A detailed discussion of the schedtrace output is available in Dmitry Vyukov’s excellent blog post from the Intel DeveloperZone.

Append scheddetail=1 will cause the runtime to output the state of each individual goroutine in addition to the summary, producing very verbose output.

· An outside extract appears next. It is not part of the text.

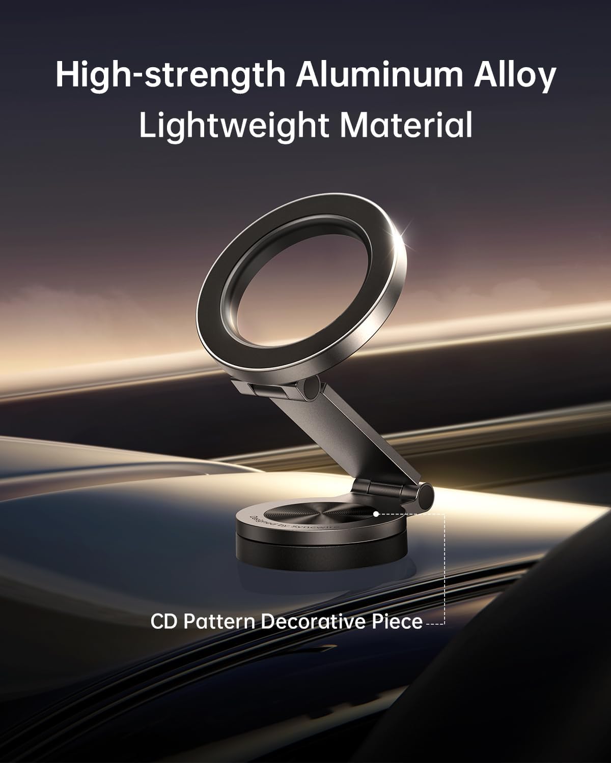 - 【360° Rotation &Two-Axis Foldable Design】With a 360° rotatable base and two-axis adjustable aluminum alloy arm, this design can be flexibly adjusted to create a variety of angles. You can fix the MagSafe car mount in any scene, such as car dashboard, windshield, Tesla screen, and desktop. The foldable design enables you to hide the car phone holder to create a neater use environment.

% env GODEBUG=scheddetail=1,schedtrace=1000 godoc -http=:8080 -index
SCHED 0ms: gomaxprocs=4 idleprocs=3 threads=3 spinningthreads=0 idlethreads=0 runqueue=0 gcwaiting=0 nmidlelocked=0 stopwait=0 sysmonwait=0
  P0: status=1 schedtick=0 syscalltick=0 m=0 runqsize=0 gfreecnt=0
  P1: status=0 schedtick=0 syscalltick=0 m=-1 runqsize=0 gfreecnt=0
  P2: status=0 schedtick=0 syscalltick=0 m=-1 runqsize=0 gfreecnt=0
  P3: status=0 schedtick=0 syscalltick=0 m=-1 runqsize=0 gfreecnt=0
  M2: p=-1 curg=-1 mallocing=0 throwing=0 preemptoff= locks=1 dying=0 helpgc=0 spinning=false blocked=false lockedg=-1
  M1: p=-1 curg=17 mallocing=0 throwing=0 preemptoff= locks=0 dying=0 helpgc=0 spinning=false blocked=false lockedg=17
  M0: p=0 curg=1 mallocing=0 throwing=0 preemptoff= locks=2 dying=0 helpgc=0 spinning=false blocked=false lockedg=1
  G1: status=2(stack growth) m=0 lockedm=0
  G17: status=3() m=1 lockedm=1
  G2: status=1() m=-1 lockedm=-1

This output may be useful for debugging leaking goroutines, but other facilities like net/http/pprof are likely to be more useful.

Further reading

All the environment variables available for your version of Go are detailed in the godoc for the runtime package.